Playing down the unification issue and stressing economics and the need for stability in relations with the mainland is a way of emphasizing the difference between the KMT and its main rival, the governing Democratic Progressive Party. Ma, by implication, is also able to point to the fact that rather than simply attempting to lessen the negative effects of the shift to the mainland by Taiwan companies, he is trying to do something practical about it by seeking new investment from overseas. By doing so, he also gains support from businessmen in Taiwan who see their future linked with the mainland.

Even without the political dimension, Taiwan has long seen the need to promote itself, although the results have been mixed at best, as the recent declines in investment inflows show.
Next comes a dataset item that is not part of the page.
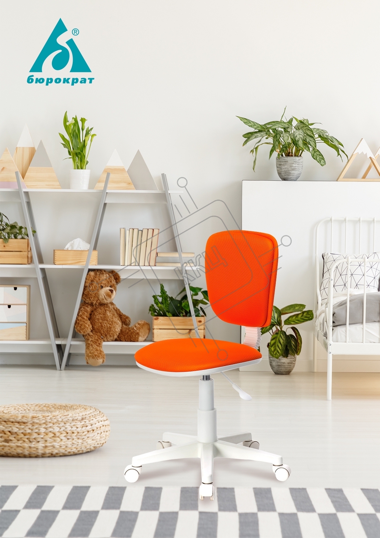 Кресло детское Бюрократ CH-W204NX/ORANGE оранжевый TW-96-1 (пластик белый)
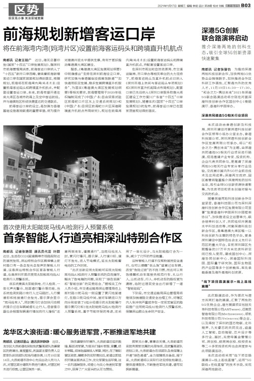 南都讯 记者张艳丽 通讯员代芸 叶群 近日,生活在G324国道鹅埠市场路段附近的居民发现,深汕特别合作区鹅埠镇上街村路口有一条会发光会发声的智能人行道。这是深汕特别合作区首条智能人行道,也是深圳市

During the visit of Ma's delegation, both he and the business leaders who accompanied him were eager to play up Taiwan's role as a bridge between the mainland and the rest of the world.

In a number of sectors, especially computers, Taiwanese companies are the dominant players in the mainland, both in terms of manufacturing investment and trade. They are therefore arguably ideally placed to partner with European companies in doing business in the mainland. Still, it remains to be seen whether selling Taiwan as a business location will be successful in a business world that continues to be bedazzled by mainland China, and wants to get there by the most direct route possible.